Studio album by Ten Tonnes
- Released: 3 May 2019
- Genre: Indie pop
- Length: 38:33
- Label: Warner
- Producer: Hugo White; Dan Grech-Marguerat;

Ten Tonnes chronology
| Acoustic – EP (2017) | Ten Tonnes (2019) | So Long (2021) |

= Ten Tonnes (album) =

Ten Tonnes is the debut studio album by British singer/songwriter Ten Tonnes. It was released on 3 May 2019 via Warner Records. The album peaked at number 31 on the UK Albums Chart, and number 27 on the Scottish Albums Chart.

Professional ratings
Review scores
| Source | Rating |
| DIY | Star |
| Dork | Star |
| Gigwise | Star |
| The Guardian | Star |
| The Times | Star |

==Background and release==
The album was written by Ethan Barnett, who is known as Ten Tonnes, alongside former Kaiser Chiefs drummer Nick Hodgson and songwriter Crispin Hunt, and was produced by Hugo White of the Maccabees and Dan Grech-Marguerat. Barnett officially announced the album on social media on 8 November 2018. Originally slated for 5 April 2019, it was pushed back and instead released on 3 May 2019.

Speaking about the album, Barnett said, "It’s amazing that I get to work with these people and get to call them friends and colleagues. My only ambition was to have an album out, so it feels quite strange that it’s happening." Barnett has cited American musician Tom Petty as an inspiration for the album.

==Critical reception==
Writing for DIY, Eloise Bulmer calls the album "a crisp collection of songs, and one that is sure to serve him well on the festival circuit come summer." Reviewing the album for Dork, Jamie McMillian writes, "While most of the record is built on the adventures of someone who is very-nearly-but-not-quite lucky in love, it is also the tale of life in a town that you want to escape but miss like hell when you do", and declares that "Lay It On Me" "rolls in like an encore".

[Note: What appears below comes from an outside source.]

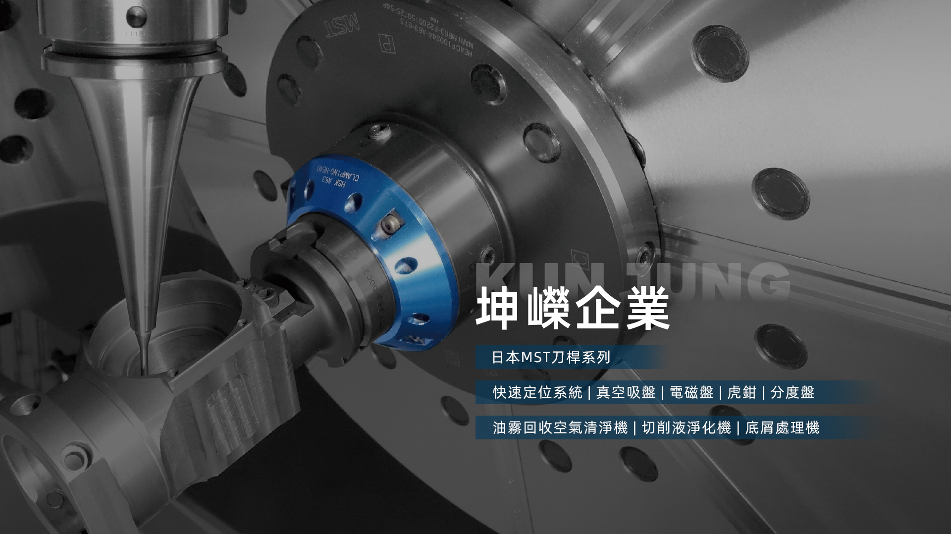 創立於1979年,專門代理銷售各國知名CNC銑床配件。以專業的知識結合優良的產品,並提供客戶最完善的售後服務! 主要產品以燒結刀桿、五軸刀桿、超精密燒結刀桿、袖珍型角度頭、抗震刀桿、搪孔刀桿、絲攻刀桿、五軸夾治具、四軸分度盤、五軸分度盤、五軸虎鉗、倍力虎鉗、刀桿清洗機、快速定位治具、筒夾刀桿、CBN刀具、油霧回收機等產品。

Lauren Wade of Gigwise calls the opening track "Lucy" a "Festival anthem-in-waiting" and that "Barnett delivers on a truckload of promise and hype on his self-titled debut album as Ten Tonnes." Kitty Empire of The Guardian says the songs "may be breezy guitar singalongs, but they are a smidge less Jack Wills and a tad more Kooks than George Ezra's." Reviewing the album for The Times, Will Hodgkinson claims the debut album "harks back to the sharp but tuneful early-Eighties world of Elvis Costello and the raucous innocence of mid-Noughties indie".

==Track listing==
Credits adapted from Tidal.

| No. | Title | Writer(s) | Producer(s) | Length |
|---|---|---|---|---|
| 1. | "Lucy" | Ethan Barnett | Hugo White | 2:46 |
| 2. | "G.I.V.E." | Barnett; Luke Potashnick; | Dan Grech-Marguerat | 3:08 |
| 3. | "Cracks Between" | Barnett | White | 3:14 |
| 4. | "Counting Down" | Barnett | Grech-Marguerat | 3:25 |
| 5. | "Too Late" | Barnett; Potashnick; | White | 3:25 |
| 6. | "Nights In, Nights Out" | Barnett; Nick Hodgson; | White | 3:21 |
| 7. | "Better Than Me" | Barnett; Hodgson; | Grech-Marguerat | 3:21 |
| 8. | "Look What You Started" | Barnett; Crispin Hunt; | Grech-Marguerat | 2:59 |
| 9. | "Silver Heat" | Barnett | White | 2:53 |
| 10. | "Wake Up" | Barnett | Grech-Marguerat | 3:16 |
| 11. | "Lay It on Me" | Barnett; Hodgson; | White | 3:36 |
| 12. | "Missing You" | Barnett; Potashnick; | White | 3:09 |
| Total length: |  |  |  | 38:33 |

==Charts==

| Chart (2019) | Peak position |
|---|---|
| UK Albums (OCC) | 31 |
| Scottish Albums (OCC) | 27 |

==In popular culture==
The ninth track from the album, "Silver Heat", appeared in Need for Speed Payback.